Vague politicians like Erasmus are prone to judge princes very severely, since they take them to be responsible for all wrongs. Erasmus praises them personally, but condemns them in general. From the kings of his time he had for a long time expected peace in Church and State. They had disappointed him. But his severe judgement of princes he derived rather from classical reading than from political experience of his own times. In the later editions of the Adagia he often reverts to princes, their task and their neglect of duty, without ever mentioning special princes. 'There are those who sow the seeds of dissension between their townships in order to fleece the poor unhindered and to satisfy their gluttony by the hunger of innocent citizens.' In the adage Scarabeus aquilam quaerit he represents the prince under the image of the Eagle as the great cruel robber and persecutor. In another, Aut regem aut fatuum nasci oportere, and in Dulce bellum inexpertis he utters his frequently quoted dictum: 'The people found and develop towns, the folly of princes devastates them.' 'The princes conspire with the Pope, and perhaps with the Turk, against the happiness of the people,' he writes to Colet in 1518.

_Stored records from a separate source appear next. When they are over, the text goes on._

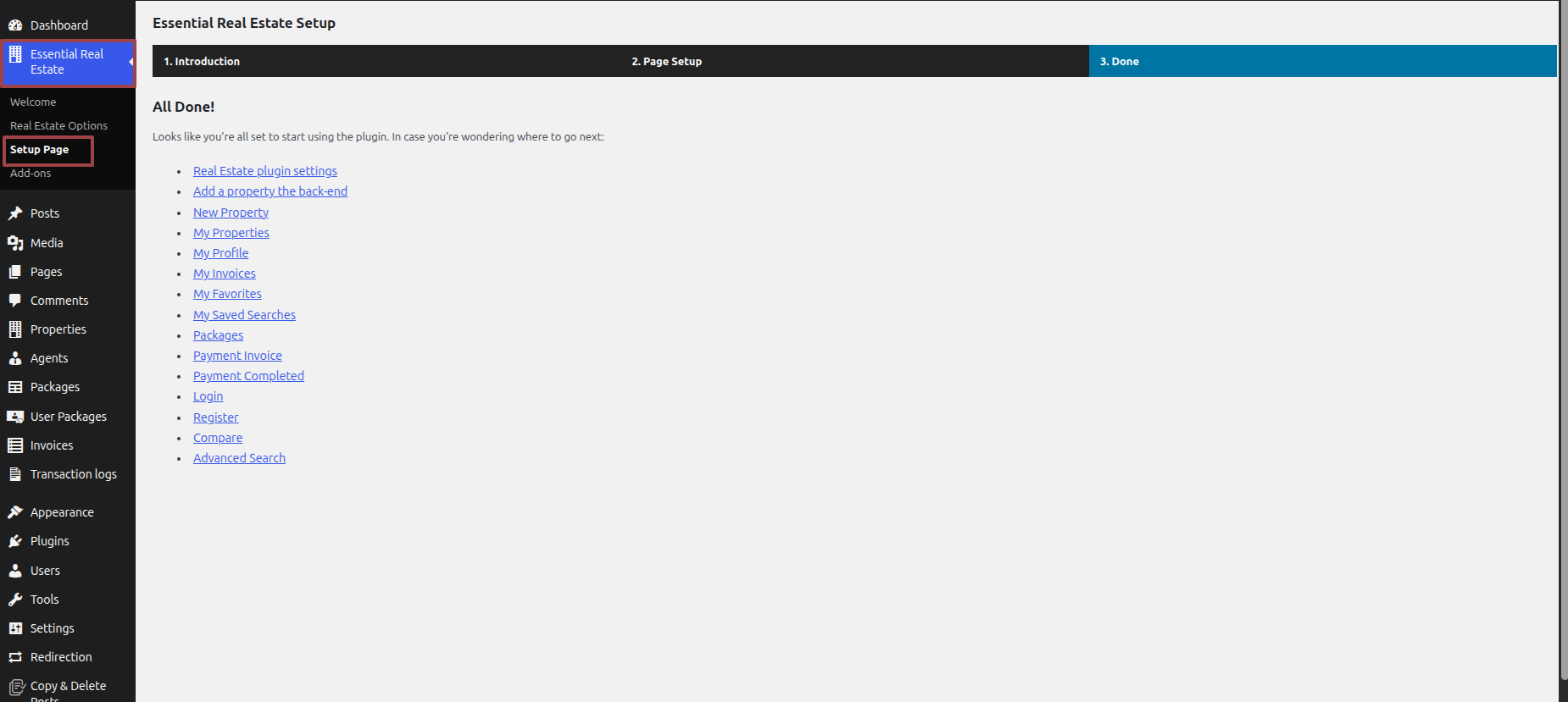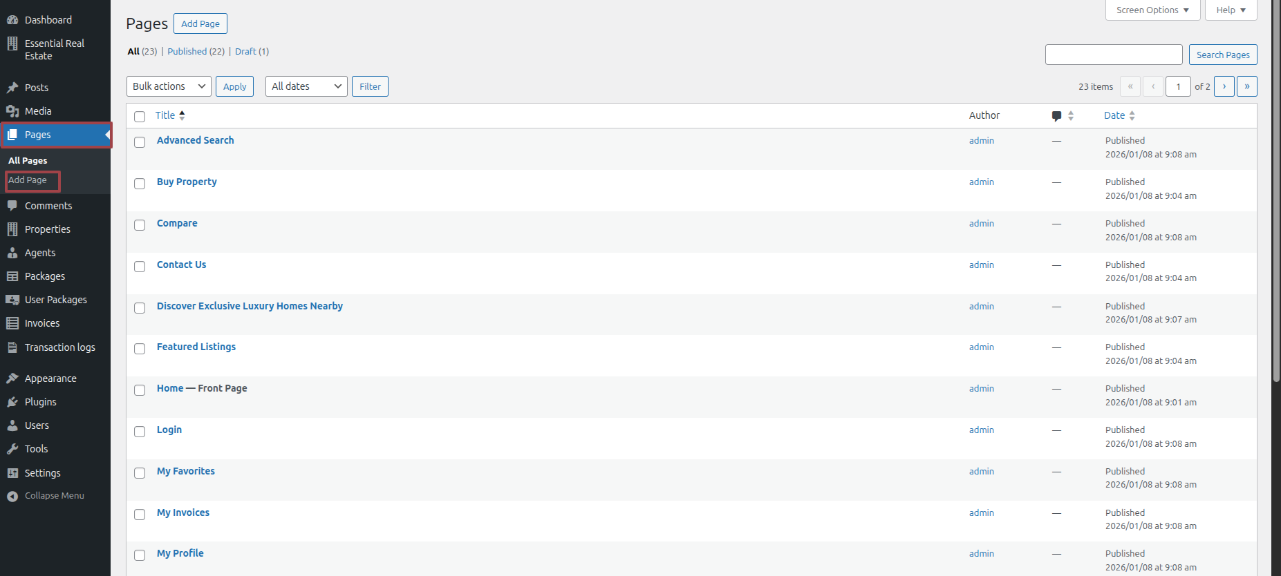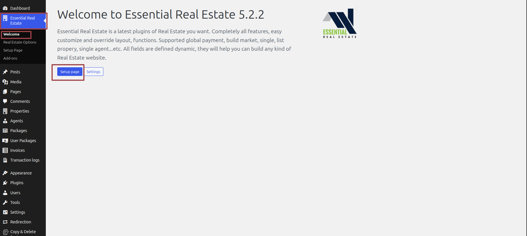 If you receive the notification, please click the Install Setup Pages button. This action will generate all the necessary pages for your Essential Real Estate. Once installed, these pages will be available in the search results, so you will need to complete the installation to ensure they appear in searches. Start by accessing the appropriate section to configure the Properties. Alternatively, if you create the pages yourself, when you perform a search you will be presented with date selection options, and the relevant functions will be available to you. Click Dashboard >> Properties >> Add New Properties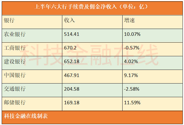 上半年,农业银行手续费及佣金净收入为514.41亿,同比增长了10.07%,而工商银行手续费及佣金净收入为670.2亿,下降了0.57%。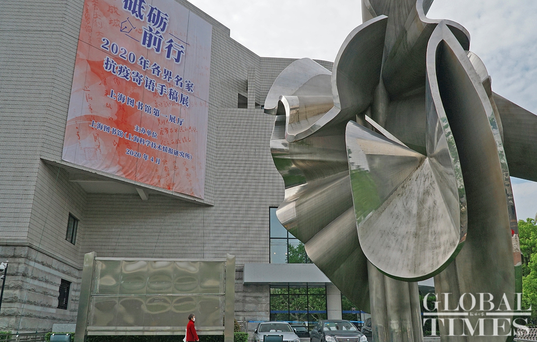 Shanghai Library reopened Thursday after a three-month hiatus. A unique exhibition showcasing 96 manuscripts from eminent scientists, doctors, scholars, writers, translators, calligraphers, and painters along with 30 items, related to COVID-19 battle, donated by frontline medical workers and hospitals, kicked off at the library on Thursday.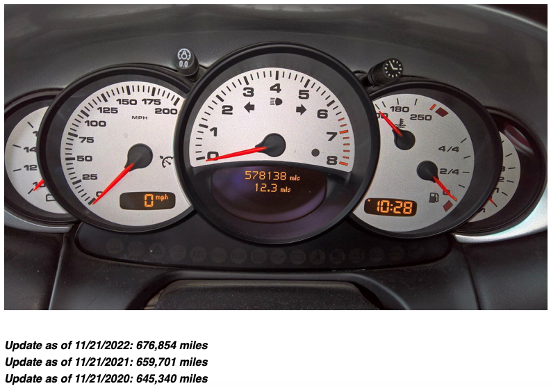 Angajații atelierului de tuning Apex Motorsport au povestit pe rețelele sale de socializare istorioara unui Porsche 911 Turbo deosebit. Proprietarul mașinii sport vine în mod regulat la tuneri pentru a o deservi, iar în timpul ultimei inspecții odometrul mașinii a înregistrat parcursul de 676.854 mile, echivaletul a 1.089.290 de kilometri!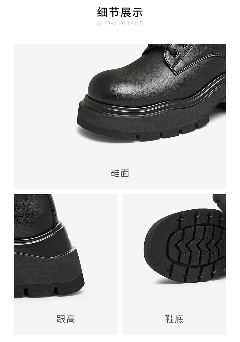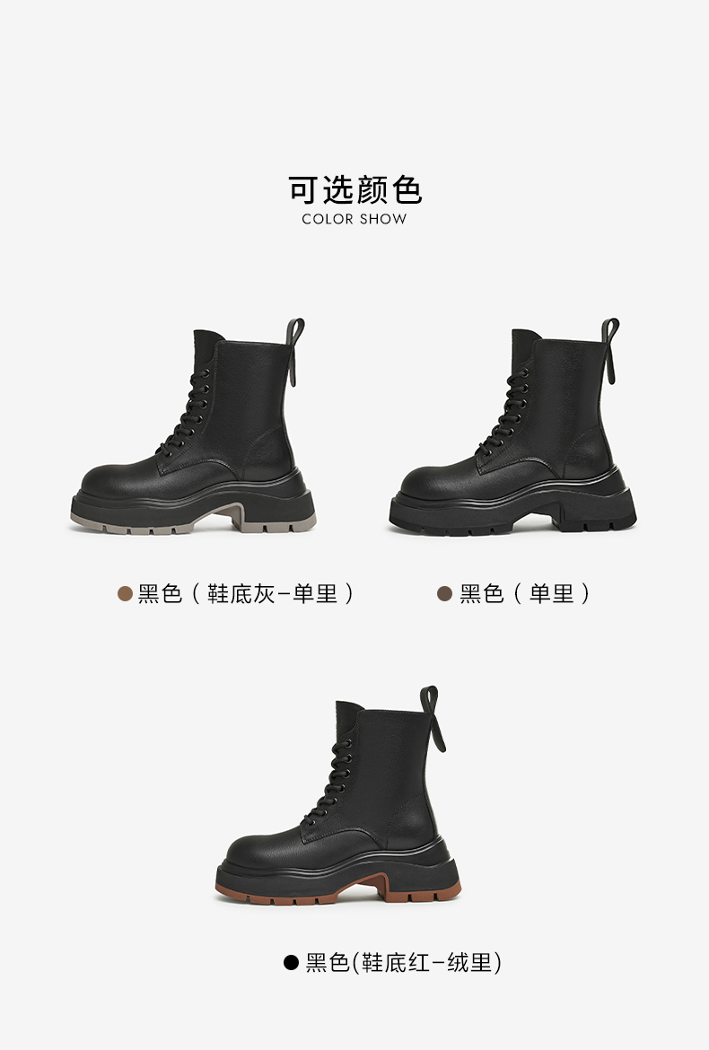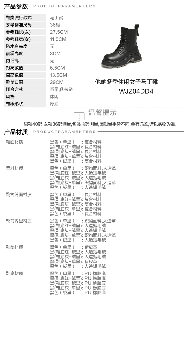 | 帮面材质:复合材料 | 配跟:有 | 靴筒口围:29CM | 上市时间:2024年冬季 | 鞋类流行款式:马丁靴 |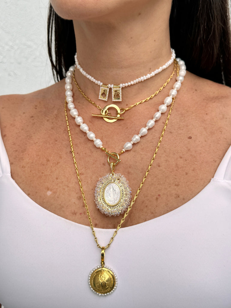 Expertly crafted and meticulously designed, the HANDMADE RELIGIOUS “JOSE GREGORIO HERNANDEZ” GOLD PLATED LONG NECKLACE is a timeless and elegant piece. Made with high-quality materials, this necklace showcases the devotion and faith of the wearer. A perfect accessory for those seeking a higher spiritual connection. Length 28”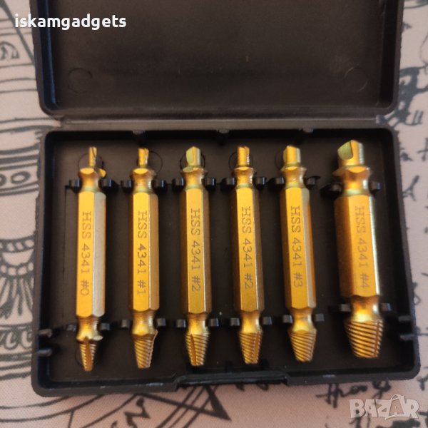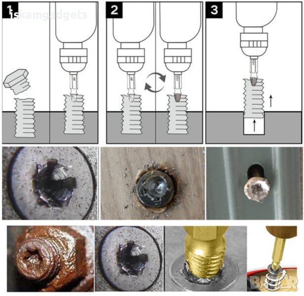 Най-накрая има евтино и добро решение за изваждане и развиване на скъсани, изядени, изпилени, счупени и повредени винтове и болтове! Цялата процедура отнема до 10 секунди! Най-лесно се получава, ако се използва винтоверт или акумулаторна отвертка. Комплектът работи като бургия и винт (шпилковадач) на обратна резба от рода на speedout. Инструмента е познат като Screw extractor, damaged bolt remover. В много удобна и компактна кутийка.

He was an academic critic writing from his study. A revolutionary purpose was as foreign to Erasmus as it was to More when writing the Utopia. 'Bad monarchs should perhaps be suffered now and then. The remedy should not be tried.' It may be doubted whether Erasmus exercised much real influence on his contemporaries by means of his diatribes against princes. One would fain believe that his ardent love of peace and bitter arraignment of the madness of war had some effect. They have undoubtedly spread pacific sentiments in the broad circles of intellectuals who read Erasmus, but unfortunately the history of the sixteenth century shows little evidence that such sentiments bore fruit in actual practice. However this may be, Erasmus's strength was not in these political declamations. He could never be a leader of men with their passions and their harsh interests.